→ **EXERCISE**
Repeat the listing exactly. Do not carry over any pictures.

→ **DATA EXCERPT**
☆ ☆ ☆ ☆

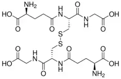 Le disulfure de glutathion (GSSG) est un dimère de molécules de glutathion unies par un pont disulfure[2].
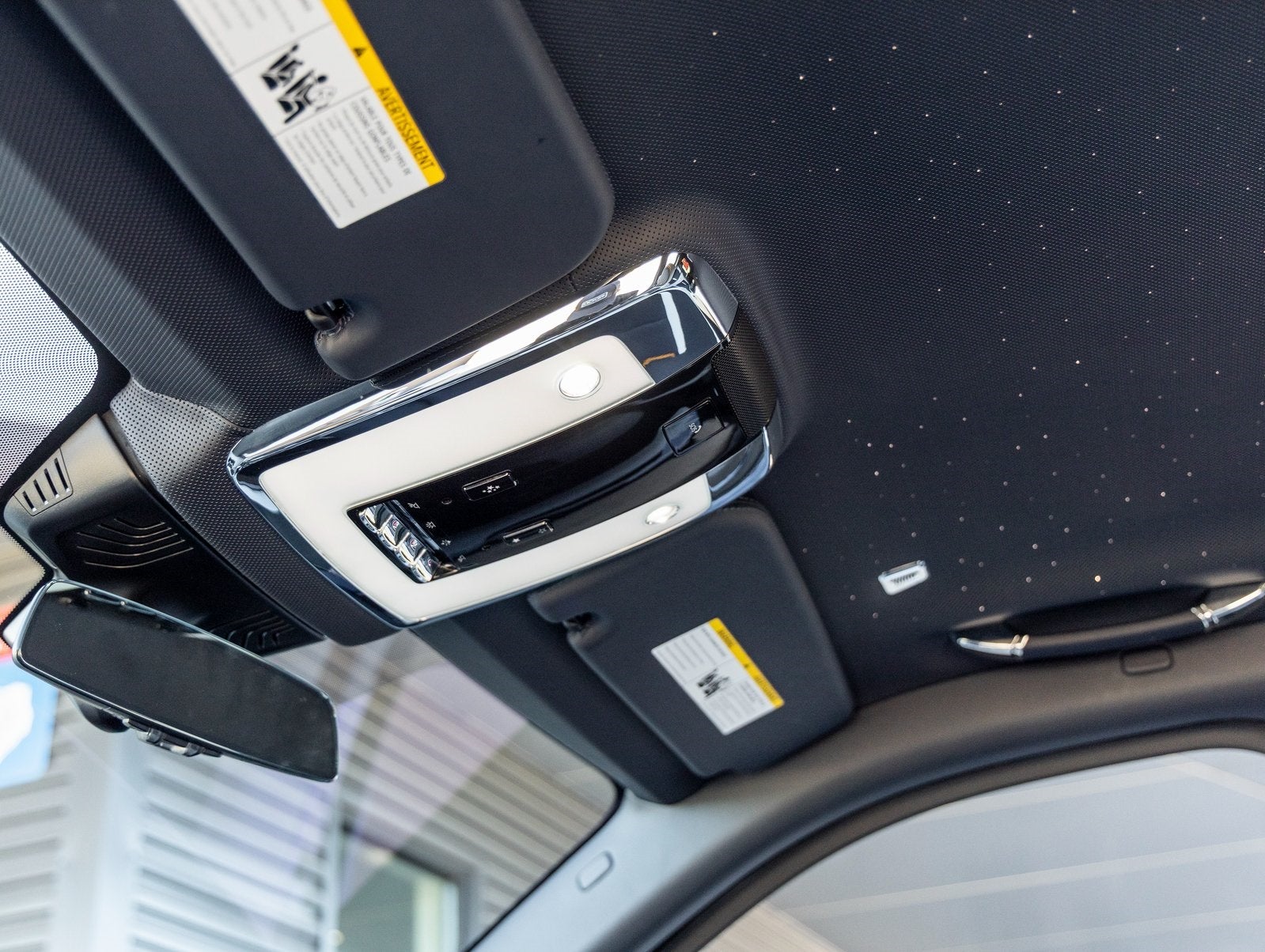 Shooting Star Headliner: A celestial display overhead, simulating falling stars across a bespoke fiber-optic night sky.
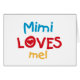 Mimi me ama camisetas, tarjetas, pegatinas, bolsas de pantalones y mucho más con colorido rojo, amarillo y azul texto y diseño cardíaco. ¡Este Mimi me ama ropa y artículos de regalo me harán sonreír!
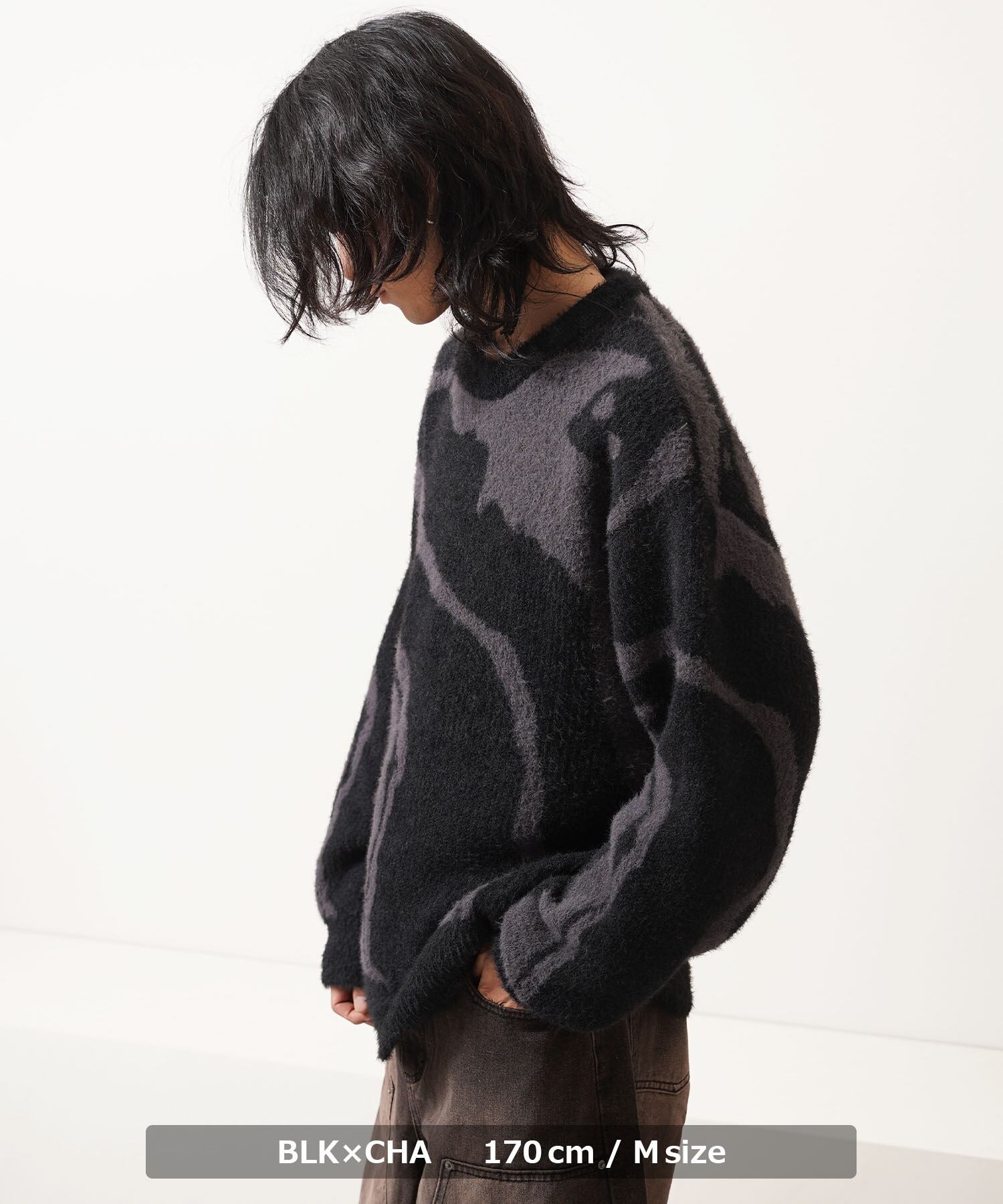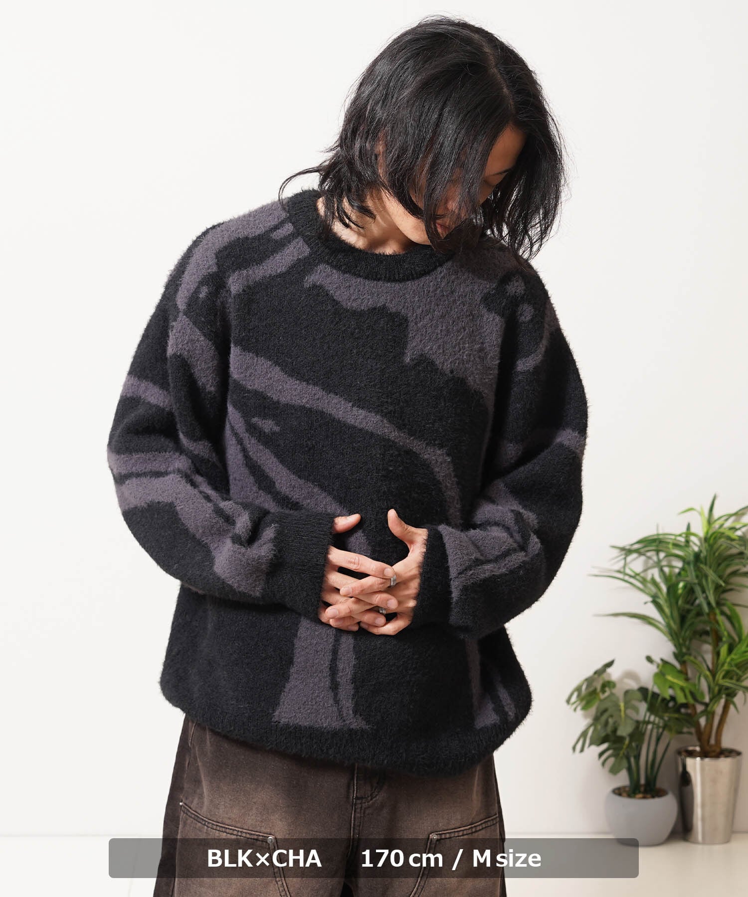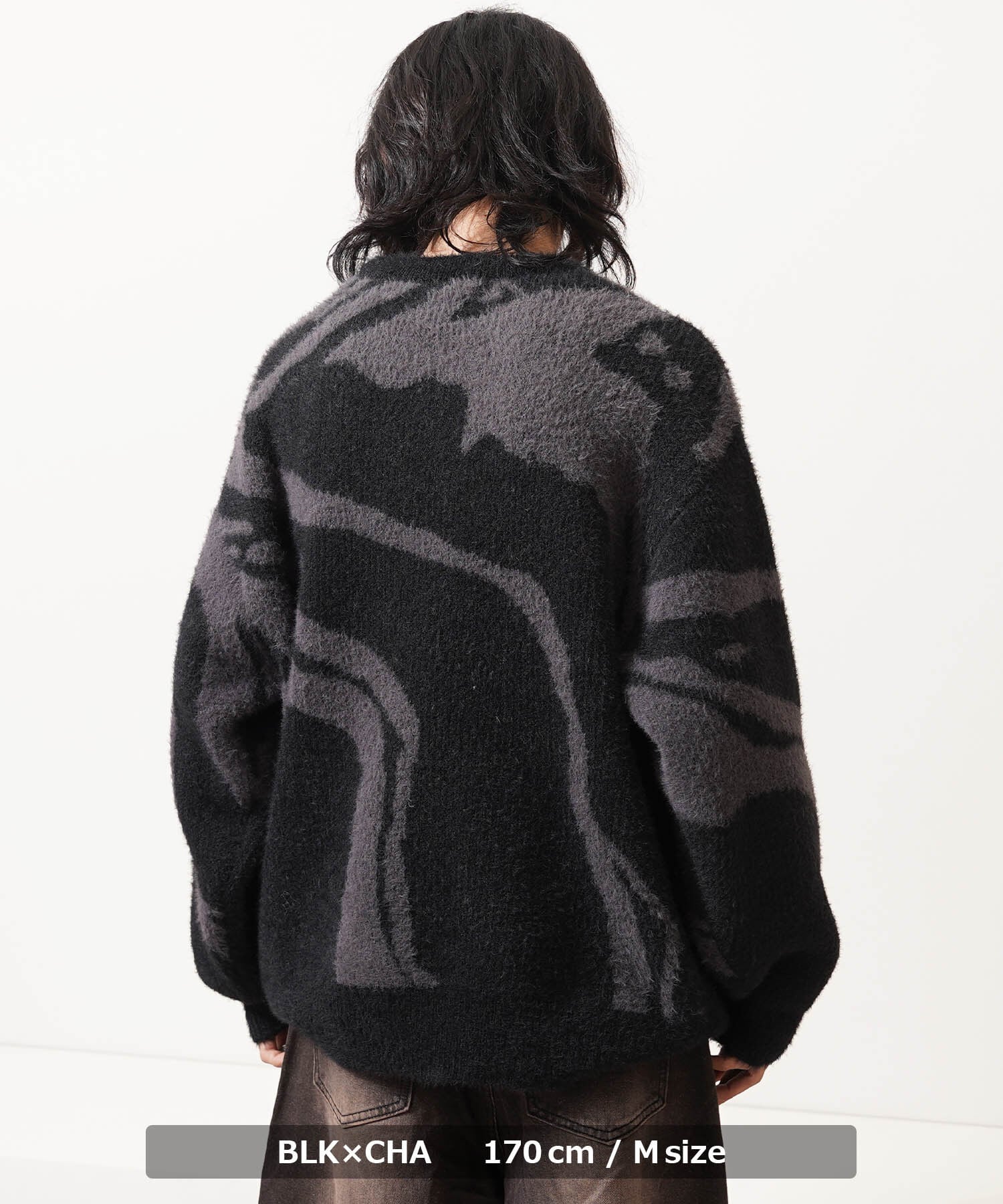 ニット セーター トップス 長袖 フェザー マーブル マーブル柄 総柄 メンズ レディース 新作 トレンド 秋 冬 秋服 冬服

☆ ☆ ☆ ☆

→ **RESULT FOR THIS TASK**
 Le disulfure de glutathion (GSSG) est un dimère de molécules de glutathion unies par un pont disulfure[2].
 Shooting Star Headliner: A celestial display overhead, simulating falling stars across a bespoke fiber-optic night sky.
 Mimi me ama camisetas, tarjetas, pegatinas, bolsas de pantalones y mucho más con colorido rojo, amarillo y azul texto y diseño cardíaco. ¡Este Mimi me ama ropa y artículos de regalo me harán sonreír!
 ニット セーター トップス 長袖 フェザー マーブル マーブル柄 総柄 メンズ レディース 新作 トレンド 秋 冬 秋服 冬服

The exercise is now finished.